“I see you. I see you. I see you.”
Words spoken to a young man in pain…in the world of fiction. Oh that fiction was reality. Or reality fiction.
My sister told me a few months ago that my parents were planning this big trip for their anniversary next year. They were going to invite our whole family to go to Colorado with them. If we all paid for the plane tickets, they would pick up the rest of the tab. [We haven’t had a vacation as a whole family in more than 20 years.]
Now, a few months later, my sister told me that they have changed their plans and are now planning to go to Jamaica. NOT that they have spoken of this to my brother, my step-sister, or myself yet.
Jamaica.

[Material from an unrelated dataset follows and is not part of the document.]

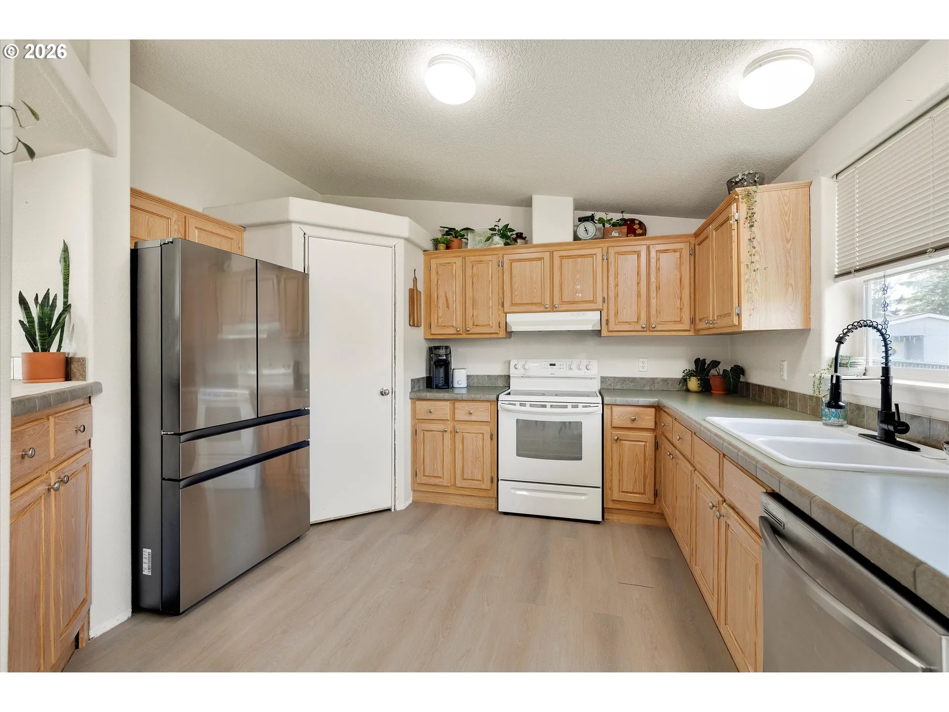 Step inside to a home that feels barely lived in. Comfort, Convenience & Peace of Mind! This spacious 1,244-square-foot double-wide with a Garage sits on a prime corner lot, offering a bright and open floor plan with high ceilings, elegant rounded corners, that create an airy, inviting atmosphere. The home features three comfortable bedrooms and two full bathrooms, including a dedicated laundry room complete with a washer and dryer. All appliances are included, and the home is already strapped to meet earthquake safety requirements. So Bring your FHA financing! The property has been meticulously maintained with significant big-ticket upgrades, including a new exterior paint job in 2019, a durable, copper-infused 40-year roof installed in 2017, Newer Water Heater and a Heat Pump! Did I mention, the 2- Car garage and additional parking pad? Outside, you’ll find a 6-foot cyclone fence equipped with a privacy screen, providing a secure and secluded feel. Ideally situated on the edge of town, and just a short, scenic drive away, from Oregon City. Discover a rare opportunity where uncompromising quality meets true affordability. Coming soon: The home will be elevated with brand-new trim and baseboards, throughout most areas, giving the space a sharp, “just-finished” look that rivals newer construction. Your dream home is ready but it won’t wait forever! (Virtual staging provided)

A tropical paradise, right?
I cannot be in such heat. When I get too hot, I grow weak and disoriented. I sometimes faint.
Water, water, everywhere and not a drop for me.
The last time I was in a pool, I nearly drowned. I had only been diagnosed with multiple sclerosis for a year. I did not think how very many muscles you use in water or how quickly I could become fatigued. My niece, twelve at the time, had to rescue me because the cacophony of the indoor pool kept the lifeguards from hearing our cries for help. I was terrified.
A family vacation in a place that is too hot for me with water activities I could not participate in otherwise.
It hurts that my parents give no thought to my disease. They give no thought to my life or how very much I mask and I compensate for this disease.
Never mind the asthma. Never mind the arthritis.
They do not see me. They do not see me. They do not see me.
I know my heavenly Father does. I know I am seen. But I have not yet learned to let go of the longing for my family to see me…just once.